__Work to be completed__. Omitting all pictures, retype the entries below exactly as given.
____ Dataset extract
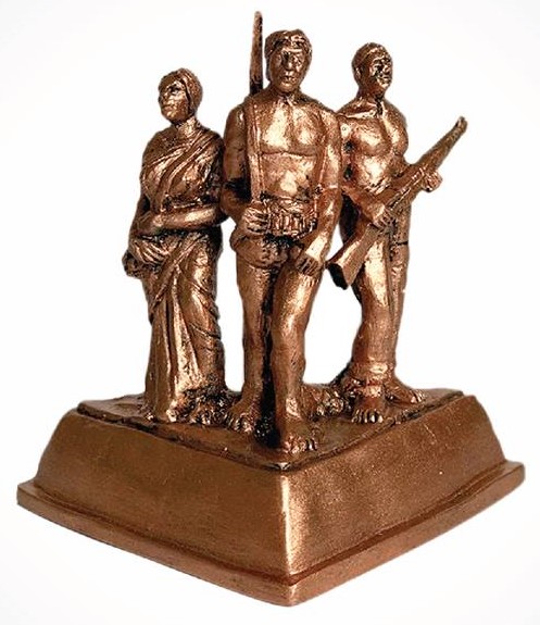 Aparajeyo Bangla (Bengali: অপরাজেয় বাংলা) is one of the most well known sculptures dedicated to the Bangladesh Liberation War in 1971. It is located in the campus of Dhaka University, just in front to the Faculty of Arts Building. In Bengali, the phrase means “Unvanquished Bengal”.
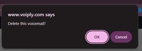 - A confirmation prompt will appear asking "Delete this voicemail?" — click OK to confirm or Cancel to go back
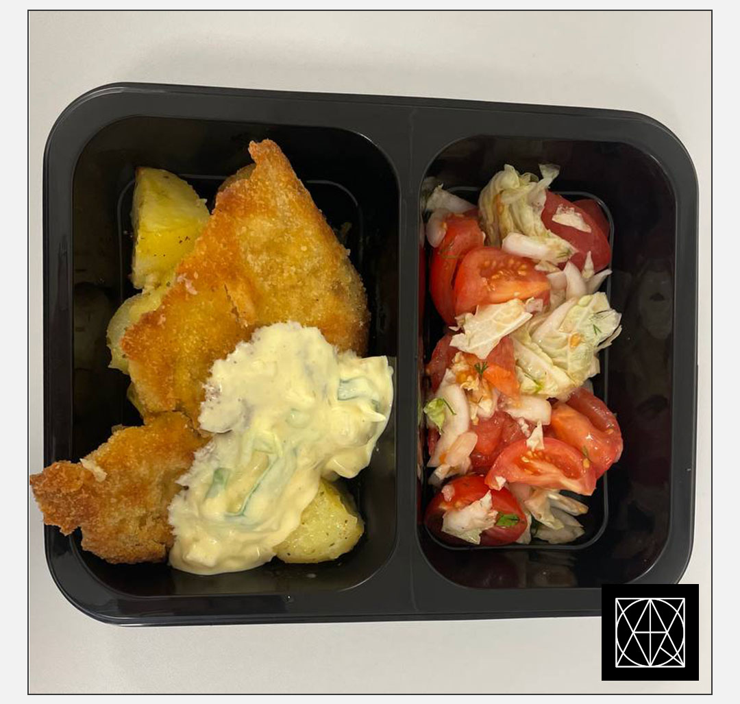 Vištienos karbonadas su havajietišku padažu, pateikiamas su keptomis bulvėmis ir pomidorų kapotiniu
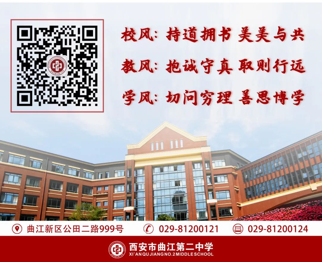 西安市曲江第二中学是西安曲江新区管理委员会高起点、高标准、高质量举办的一所公办完全中学,于2019年9月正式建成开学,2021年晋升为陕西省标准化高中。学校位于具有人文魅力与生态底蕴的曲江新区,校园占地面积60亩,建筑面积91000平方米。学校建筑设计英伦风格,校园环境宜人,布局合理,现代化教育教学设施设备一应俱全。
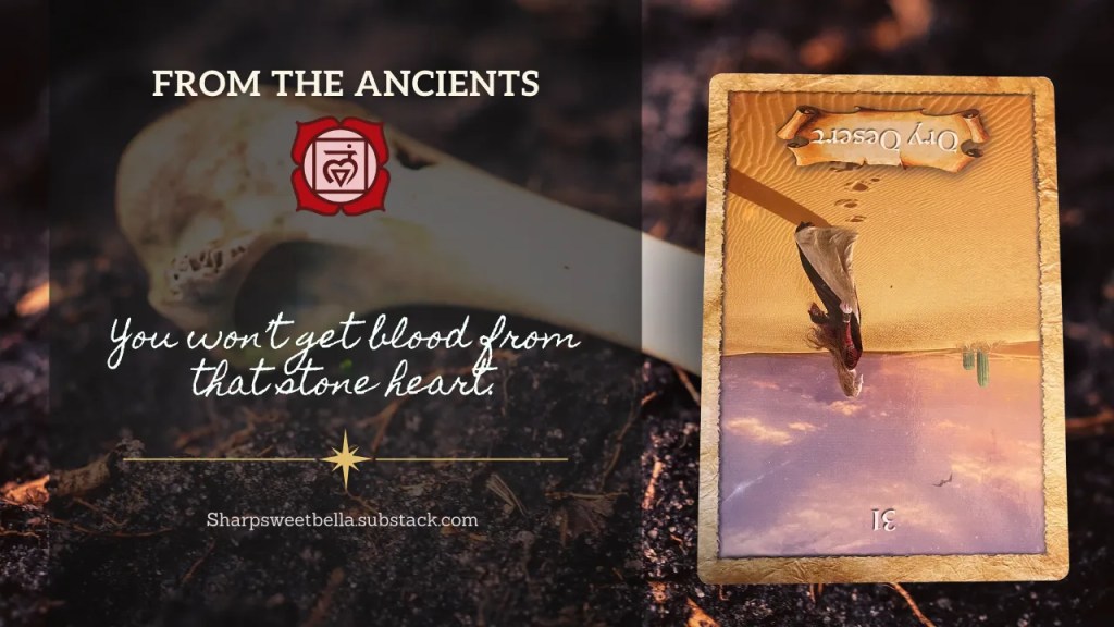 Just going to be blunt here – we have gained all that we can from the inquiry with our ancestors. They are waiting for us to integrate our learning, to call back our power, and to move forward in the ways that they couldn’t. But also…one very particular message came through that one family member, that one judgmental family member who has shut themselves off from any healing attempts – it’s time to move on. You can’t get an apology from them the way they are right now, nor will they have the kind of insight you’ve found. Where you see possibility, they only see a desert of emptiness. This is not your fault, but also not your responsibility. Send them your blessing and move on.
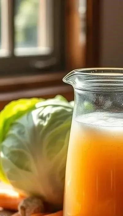 - Источник витаминов: Капустный квас богат витаминами группы B, витамином C и витамином K.
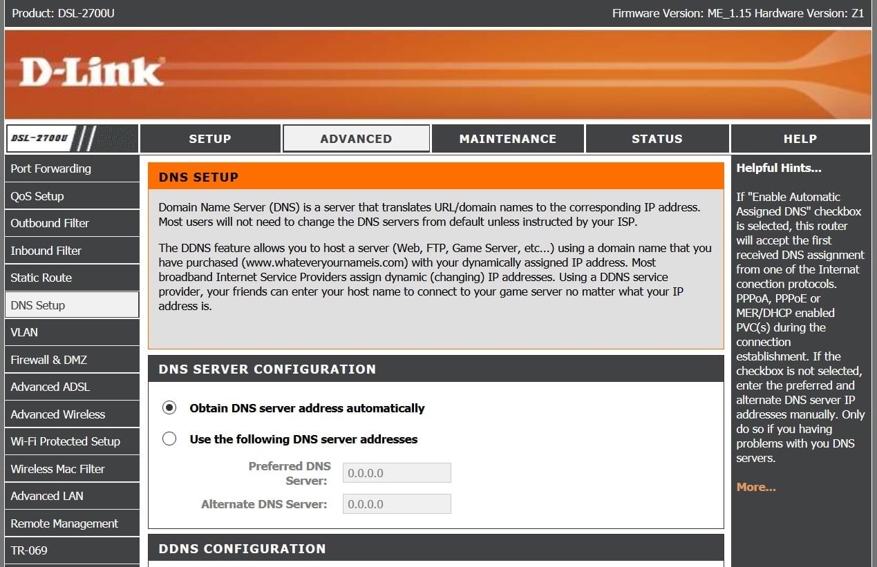 صفحه تنظیمات برای هر برند مودم متفاوت است و حتی بسته به نسخه فیرمور ممکن است مودم های یک برند هم دارای صفحه تنظیمات متفاوتی باشند. با این حال معمولا در بخش advanced می توانید گزینه ای با عنوان DNS Setup را پیدا کنید (در مودم های D-Link از این مسیر قابل دسترسی است و برای مثال در مودم های TP-Link از مسیر Interface Setup و سپس DHCP و در مودم های Linksys از مسیر Basic Setup می توانید بخش تنظیم DNS را مشاهده کنید). پس از رسیدن به این صفحه تنظیمات مشاهده می کنید که DNS به شکل خودکار یا اتوماتیک برای مودم تنظیم می شود اما شما باید آن را به صورت دستی وارد کنید. برای این کار می توانید از DNS های زیر استفاده کنید:
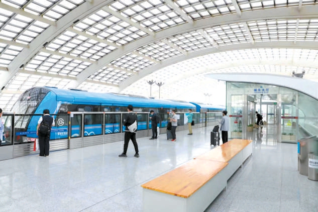 新落成的两座乘客候车大厅总占地面积276平方米,整体采用钢结构设计,后墙和亭顶以流线型骨架铝单板覆盖,与航站楼顶棚遥相呼应,优雅美观。三面玻璃幕墙视野清晰,便于乘客在候车时观察站台及列车动态。室内安装空调新风系统和智能灯具,温度和亮度可由工作人员根据现场实际情况通过手机终端动态调节,给乘客带来舒适、温馨的候车体验。
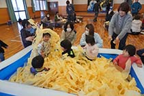 カンナくずのビニールプールでは、子どもたちがふかふかのカンナくずに飛び込んだり、寝転んだりして大はしゃぎ。木の香りと感触を、五感でたっぷりと感じていた。 |
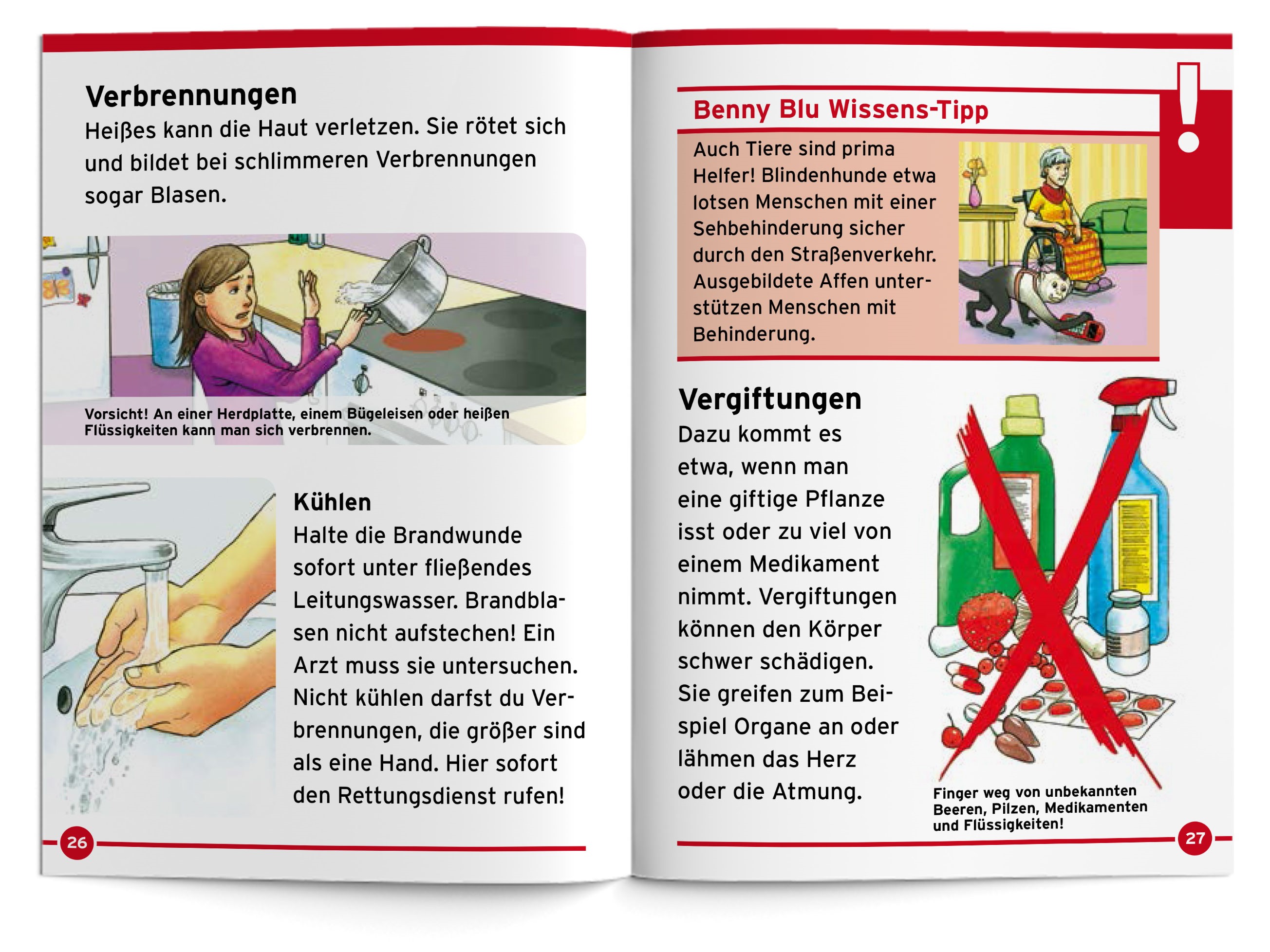 Benny Blu lernt zusammen mit dir wichtige Regeln der Ersten Hilfe kennen. Was ist die Rettungskette? Wie versorgt man einen Insektenstich? Was versteht man unter stabiler Seitenlage? Und wie legst du einen Druckverband an?
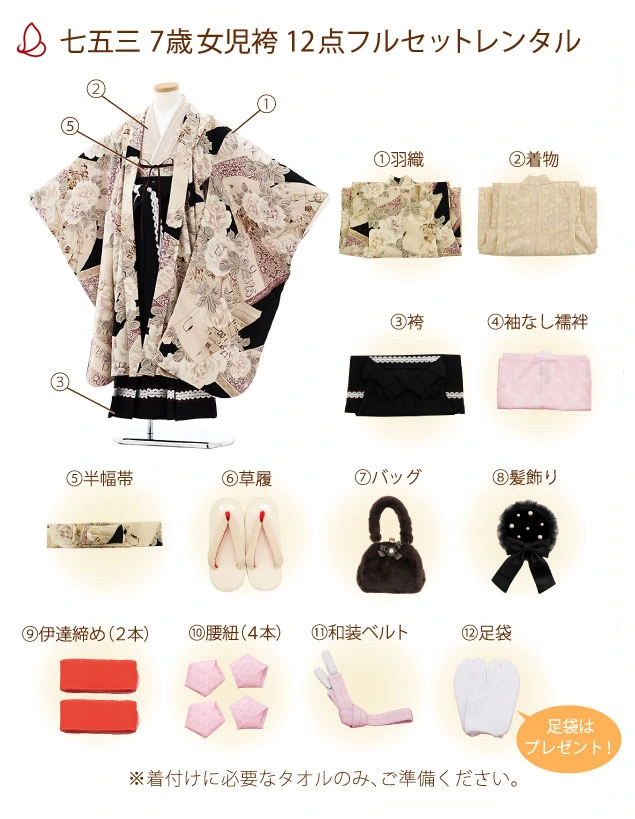 七五三(7歳袴)7917 九重 ベージュ黒ローズブック×黒袴
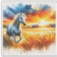 Um cavalo gracioso galope através de campos de trigo ouro, com um pôr do sol dramático iluminando o céu em tons vibrantes de laranja e azul. O fundo apresenta celeiros e aves distantes voando, criando uma atmosfera serena rural.
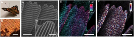 在可视化蝴蝶翅膀生长的过程中,科学家观察到了微米级大小的鳞片,以及单个鳞片上更小的纳米尺度的条纹的形成。
________
__Problem solution__.
 Aparajeyo Bangla (Bengali: অপরাজেয় বাংলা) is one of the most well known sculptures dedicated to the Bangladesh Liberation War in 1971. It is located in the campus of Dhaka University, just in front to the Faculty of Arts Building. In Bengali, the phrase means “Unvanquished Bengal”.
 - A confirmation prompt will appear asking "Delete this voicemail?" — click OK to confirm or Cancel to go back
 Vištienos karbonadas su havajietišku padažu, pateikiamas su keptomis bulvėmis ir pomidorų kapotiniu
 西安市曲江第二中学是西安曲江新区管理委员会高起点、高标准、高质量举办的一所公办完全中学,于2019年9月正式建成开学,2021年晋升为陕西省标准化高中。学校位于具有人文魅力与生态底蕴的曲江新区,校园占地面积60亩,建筑面积91000平方米。学校建筑设计英伦风格,校园环境宜人,布局合理,现代化教育教学设施设备一应俱全。
 Just going to be blunt here – we have gained all that we can from the inquiry with our ancestors. They are waiting for us to integrate our learning, to call back our power, and to move forward in the ways that they couldn’t. But also…one very particular message came through that one family member, that one judgmental family member who has shut themselves off from any healing attempts – it’s time to move on. You can’t get an apology from them the way they are right now, nor will they have the kind of insight you’ve found. Where you see possibility, they only see a desert of emptiness. This is not your fault, but also not your responsibility. Send them your blessing and move on.
 - Источник витаминов: Капустный квас богат витаминами группы B, витамином C и витамином K.
 صفحه تنظیمات برای هر برند مودم متفاوت است و حتی بسته به نسخه فیرمور ممکن است مودم های یک برند هم دارای صفحه تنظیمات متفاوتی باشند. با این حال معمولا در بخش advanced می توانید گزینه ای با عنوان DNS Setup را پیدا کنید (در مودم های D-Link از این مسیر قابل دسترسی است و برای مثال در مودم های TP-Link از مسیر Interface Setup و سپس DHCP و در مودم های Linksys از مسیر Basic Setup می توانید بخش تنظیم DNS را مشاهده کنید). پس از رسیدن به این صفحه تنظیمات مشاهده می کنید که DNS به شکل خودکار یا اتوماتیک برای مودم تنظیم می شود اما شما باید آن را به صورت دستی وارد کنید. برای این کار می توانید از DNS های زیر استفاده کنید:
 新落成的两座乘客候车大厅总占地面积276平方米,整体采用钢结构设计,后墙和亭顶以流线型骨架铝单板覆盖,与航站楼顶棚遥相呼应,优雅美观。三面玻璃幕墙视野清晰,便于乘客在候车时观察站台及列车动态。室内安装空调新风系统和智能灯具,温度和亮度可由工作人员根据现场实际情况通过手机终端动态调节,给乘客带来舒适、温馨的候车体验。
 カンナくずのビニールプールでは、子どもたちがふかふかのカンナくずに飛び込んだり、寝転んだりして大はしゃぎ。木の香りと感触を、五感でたっぷりと感じていた。 |
 Benny Blu lernt zusammen mit dir wichtige Regeln der Ersten Hilfe kennen. Was ist die Rettungskette? Wie versorgt man einen Insektenstich? Was versteht man unter stabiler Seitenlage? Und wie legst du einen Druckverband an?
 七五三(7歳袴)7917 九重 ベージュ黒ローズブック×黒袴
 Um cavalo gracioso galope através de campos de trigo ouro, com um pôr do sol dramático iluminando o céu em tons vibrantes de laranja e azul. O fundo apresenta celeiros e aves distantes voando, criando uma atmosfera serena rural.
 在可视化蝴蝶翅膀生长的过程中,科学家观察到了微米级大小的鳞片,以及单个鳞片上更小的纳米尺度的条纹的形成。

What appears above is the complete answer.